3.      Bank syariah dalam melakukan transaksi murabahah, menjual barang yang tidak atau belum dimilikinya , dimana pihak bank syariah dan nasabah berjanji untuk melakukan transaksi murabahah.
Atas dasar perbedaan ulama di atas, Muhammad Taqi Usmani mengakui bahwa pada mulanya murabahah bukan merupakan bentuk pembiayaan melainkan hanya alat untuk menghindari “bunga bank” dan juga bukan merupakan instrumen ideal untuk mengembangkan tujuan riil ekonomi Islam. Instrumen murabahah hanya digunakan sebagai langkah transisi yang diambil dalam proses islamisasi ekonomi. Sedangkan untuk menghindari praktik murabahah yang akan terjebak pada praktik hilah, bai’‘inah, dan bai’ al-ma’dum maka para ulama kontemporer mensyaratkan dalam praktik jual beli murabahah di lembaga keuangan syariah sebagai berikut:
1.      Jual beli murabahah bukan pinjaman yang diberikan dengan bunga, tetapi merupakan jual beli komoditas dengan harga tangguh termasuk margin keuntungan di atas biaya  perolehan yang disetujui bersama.

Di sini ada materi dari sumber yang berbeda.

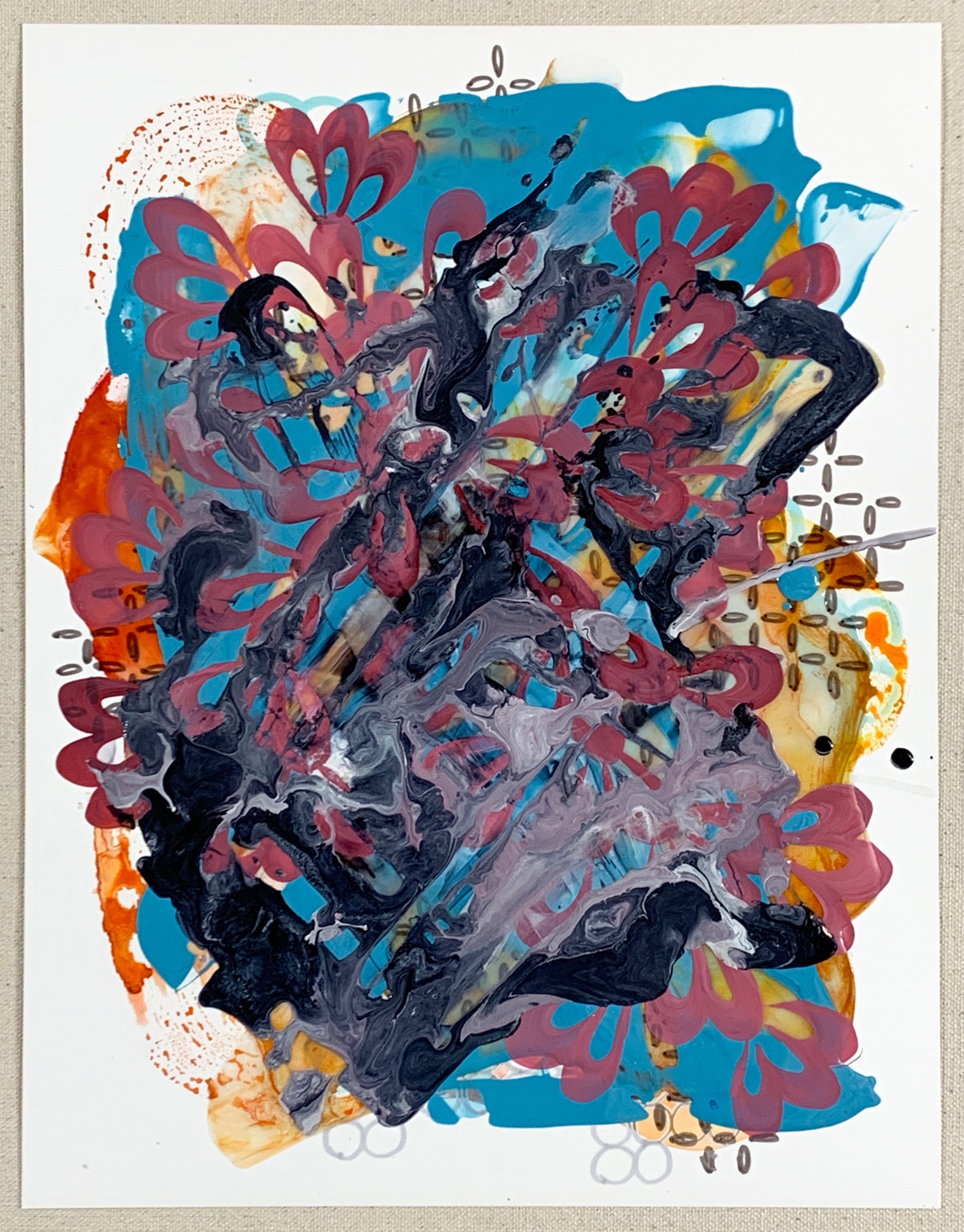 These pieces are pretty little tangles of possible space. I'm continuing my series of doing a number of small paintings all at the same time. I had been going large in my work for almost all of 2020 and the first part of 2021, so I wanted to see what would happen if I pulled it back to a smaller format. There is something a little more refined here, perhaps a little more careful, but still spontaneous and free.

2.      Pemberi pembiayaan dalam hal ini  bank atau lembaga keuangan syariah lainnya, harus telah membeli komoditas/barang dan menyimpan dalam kekuasaannya, atau membeli melalui orang ketiga sebagai agennya sebelum dijual kepada nasabahnya.
3.      Pembelian komoditas tidak boleh dari nasabah sendiri (komoditas milik nasabah) dengan perjanjian buy back (pembelian kembali) karena model perjanjian seperti ini masuk kategori bai ‘ inah yang diharamkan oleh sebagian besar ulama.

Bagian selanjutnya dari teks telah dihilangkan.